A síntese da capacidade de experimentar soluções vindas do exterior com a preocupação e o gosto pelos bons acabamentos, nomeadamente pelas carpintarias de qualidade, é bem exemplificada pela construção de “camarotes”, de que ainda restam vestígios numa casa arruinada da Fajãzinha. É uma solução muito semelhante à das “camaretas” encontradas por E. Veiga de Oliveira na Póvoa do Varzim. Trata-se de uma armação de madeira construída no interior da sala de entrada, encostada à empena da casa, que substitui e simplifica o sistema de duas pequenas alcovas, com pouco mais que uma cama em cada uma, comum em casas tradicionais de diversas regiões do Continente. É como se fosse um largo roupeiro ocupando toda a face interior da empena com duas aberturas em posição simétrica.
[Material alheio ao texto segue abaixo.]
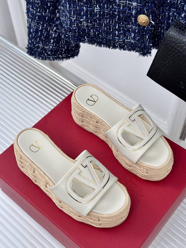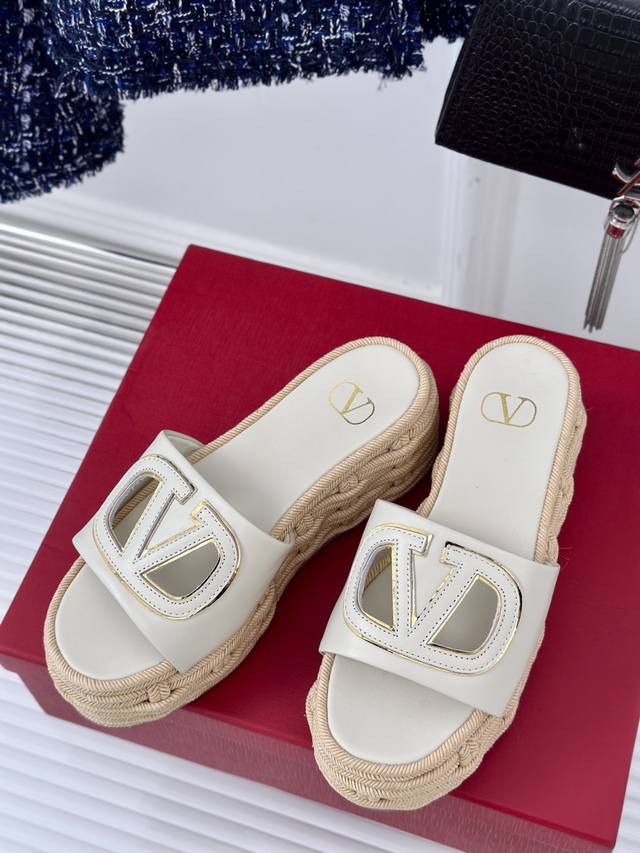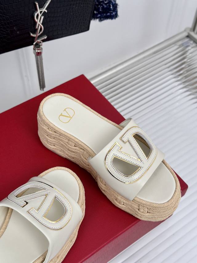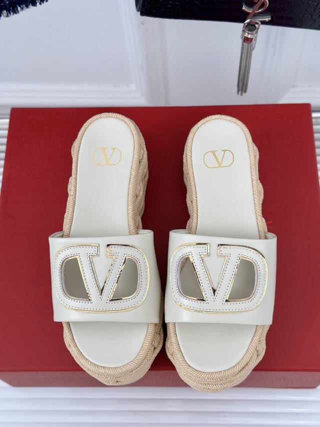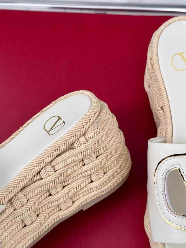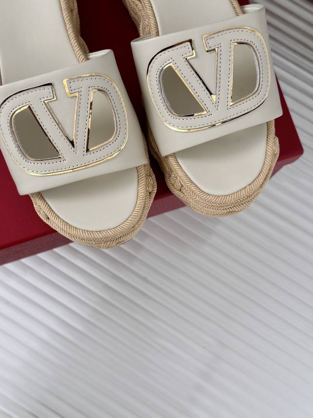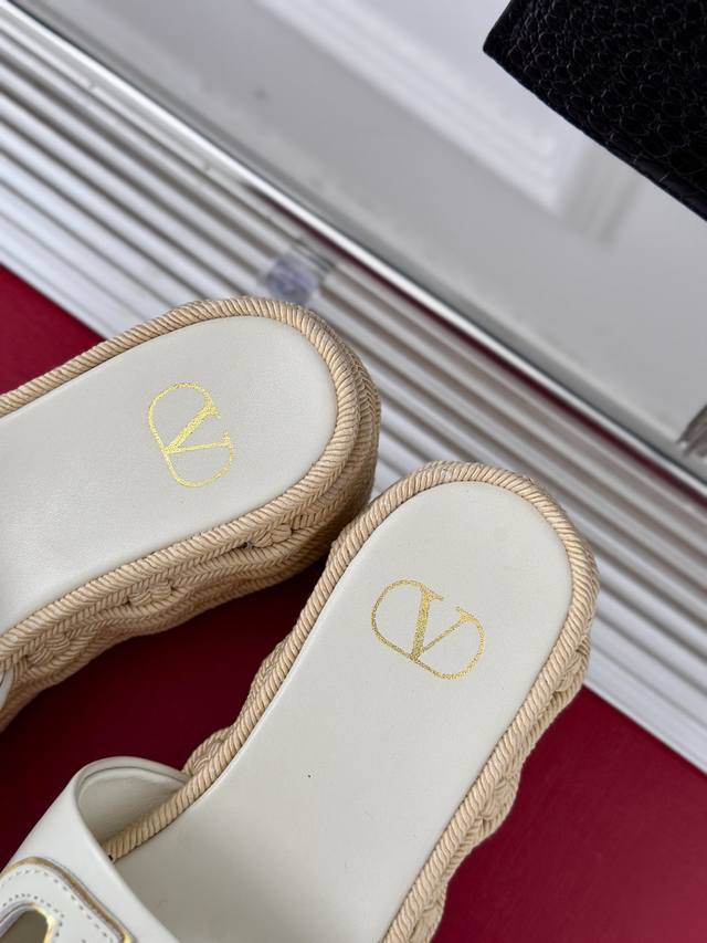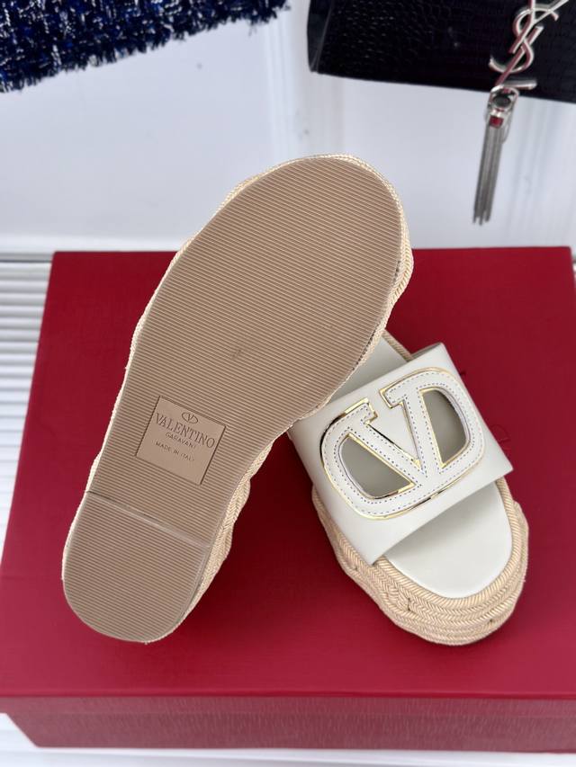 厂价 Valentin|华伦天伦24S春夏 新品大V扣厚底拖鞋 经典的大V扣元素设计 彰显了品牌独有的风格 奢华时尚 极有辨识度 厚底在拉长腿方面真的Yyds百搭舒适 上脚秒变大长腿!鞋面采用进口小牛皮 内里踮脚混种羊皮 原版开模五金扣 原版开模麻绳 橡胶大底 码数:35-39 40 41定制

Cada abertura dá acesso a um dos dois colchões individuais dispostos “pés com pés” sobre um estrado elevado. Ao meio da estrutura ainda se conseguiu embutir um nicho rectangular, pouco profundo, com um conjunto de prateleiras abertas para a sala.

A conservação do património arquitectónico do concelho das Lajes, particularmente no que se refere à habitação tradicional, passaria por, em simultâneo com o melhoramento e modernização das condições de habitabilidade, desenvolver a capacidade de restauro dos pormenores formais mantendo a qualidade dos acabamentos. Só assim será possível preservar uma expressão arquitectónica que, em combinação com as variantes tipológicas que revelam a grande capacidade de adaptação dos modelos exteriores às características do território lajense, confere uma especificidade reconhecível à habitação vernácula deste concelho.

Bibliografia

AAVV, Arquitectura Popular dos Açores, Lisboa, Ordem dos Arquitectos, 2000.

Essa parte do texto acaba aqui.